# Collected material
:::::
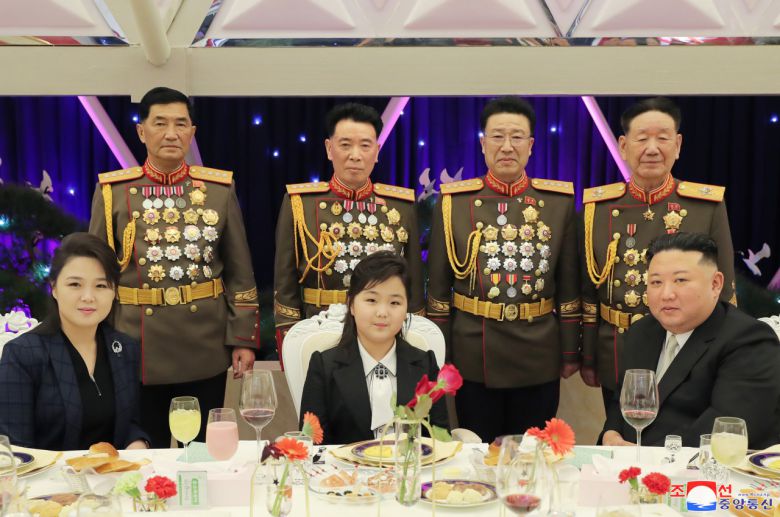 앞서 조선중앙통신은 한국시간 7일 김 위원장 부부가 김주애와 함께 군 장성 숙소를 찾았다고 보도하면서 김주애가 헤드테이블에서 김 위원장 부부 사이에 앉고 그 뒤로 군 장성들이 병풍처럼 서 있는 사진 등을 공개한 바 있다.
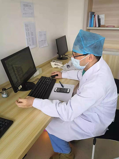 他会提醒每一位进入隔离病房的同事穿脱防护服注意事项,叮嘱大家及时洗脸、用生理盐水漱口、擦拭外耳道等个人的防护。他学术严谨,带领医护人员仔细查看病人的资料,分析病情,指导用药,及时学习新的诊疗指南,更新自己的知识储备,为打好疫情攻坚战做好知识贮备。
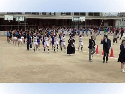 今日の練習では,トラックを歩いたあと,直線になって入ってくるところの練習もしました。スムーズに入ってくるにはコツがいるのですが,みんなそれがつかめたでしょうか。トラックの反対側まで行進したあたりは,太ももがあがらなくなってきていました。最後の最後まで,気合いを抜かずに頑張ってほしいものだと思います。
:::::
# Task directions
Copy the lines above exactly and exclude every image.

# Completed exercise
 앞서 조선중앙통신은 한국시간 7일 김 위원장 부부가 김주애와 함께 군 장성 숙소를 찾았다고 보도하면서 김주애가 헤드테이블에서 김 위원장 부부 사이에 앉고 그 뒤로 군 장성들이 병풍처럼 서 있는 사진 등을 공개한 바 있다.
 他会提醒每一位进入隔离病房的同事穿脱防护服注意事项,叮嘱大家及时洗脸、用生理盐水漱口、擦拭外耳道等个人的防护。他学术严谨,带领医护人员仔细查看病人的资料,分析病情,指导用药,及时学习新的诊疗指南,更新自己的知识储备,为打好疫情攻坚战做好知识贮备。
 今日の練習では,トラックを歩いたあと,直線になって入ってくるところの練習もしました。スムーズに入ってくるにはコツがいるのですが,みんなそれがつかめたでしょうか。トラックの反対側まで行進したあたりは,太ももがあがらなくなってきていました。最後の最後まで,気合いを抜かずに頑張ってほしいものだと思います。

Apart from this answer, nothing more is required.